While you are planning for your long term goals like child planning or retirement planning, it is always a good option to include a variety of investment instruments in your portfolio. In this regard, you may consider the investment into Exchange Traded Funds. Since ETFs as they are also called do not have to be managed actively, the returns on these funds sometimes are higher than the mutual funds.

Let us assume that you have a goal of retiring in 15 years. In the beginning you may want to use the retirement calculator to plan for the amount you will require for the retirement corpus. Once you have decided on your investment per month with the help of a retirement calculator, you can allocate a portion of your investment to ETFs.
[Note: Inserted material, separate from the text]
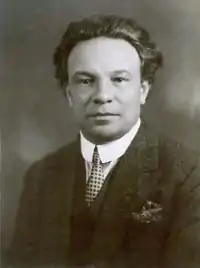 Respighi was schooled at Ginnasio Guinizelli in Bologna for two years from October 1890.[10] In 1891, he enrolled at the Liceo Musicale di Bologna, where he studied the violin and viola for the next seven years with his teacher, Federico Sarti.[11] Among Respighi's earliest completed and dated compositions at this time were Piccola Ouverture and Preludio for orchestra.[12] Four years into his course at the Liceo Musicale, Respighi began classes in musical composition with Giuseppe Martucci, the Liceo's director, and music history with Luigi Torchi. By the time he reached twenty, Respighi was performing in the orchestra at the Teatro Comunale di Bologna.[13] Martucci, a proponent of Bologna's musical life and composer of non-operatic Italian music, became an influential figure on the young Respighi.[14] In 1899, he received a diploma in the violin.[12] By this time, Respighi had developed a fondness for languages, demonstrated by his large collection, which contained atlases and dictionaries.[15] In his life Respighi became fluent in eleven languages and read literature in all of them.[16]

 What are Exchange Traded Funds?

Exchange Traded Funds are funds that are traded intra day in the stock exchange. Exchange Traded Funds are a basket of securities that track an index underlying it. The ETFs can hold investments like bonds, stocks, equities or commodities like silver, or gold bars etc. The Exchange Traded Funds have the dual features of diversification that you can find in mutual funds combined with the ease of trading as in shares of a stock.

An Exchange Traded Fund can be bought and sold like any other shares of a company on the stock exchange. For trading in ETFs you will need a Demat account. The Exchange Traded Funds track an underlying index and do not require active fund management. This is the reason why Exchange Traded Funds have very low administrative and management costs when compared to an actively managed SIP mutual fund.

The assets underlying an ETF are owned by the provider of the fund provider, who forms the fund to monitor the performance. The investors of the fund are offered shares. The shareholders of the fund own a part of the Exchange Traded fund but not the fund's assets.

There is no facility of starting an SIP in Exchange traded Funds. There are few brokerage funds that offer the option to buy a certain number of units of the Exchange Traded Fund per month, which in effect works like  an SIP in ETFs, since you are systematically investing in the Exchange Traded funds each month. The retirement calculator will help you understand how much you need to invest per month to reach your financial goals. At times, an ETF that tracks a stock index benchmark may issue lump dividend payments or reinvestments for the constituent firms of the index to its investors. While building a corpus, it is best to reinvest the dividends. This will help you reach your goals earlier.

Remember though that Exchange Traded Funds, like any other investment vehicle does not come in one side fits all. Contact your mutual fund advisor and stockbroker or your financial advisor to guide you on the best Exchange traded fund option for you based on your goals.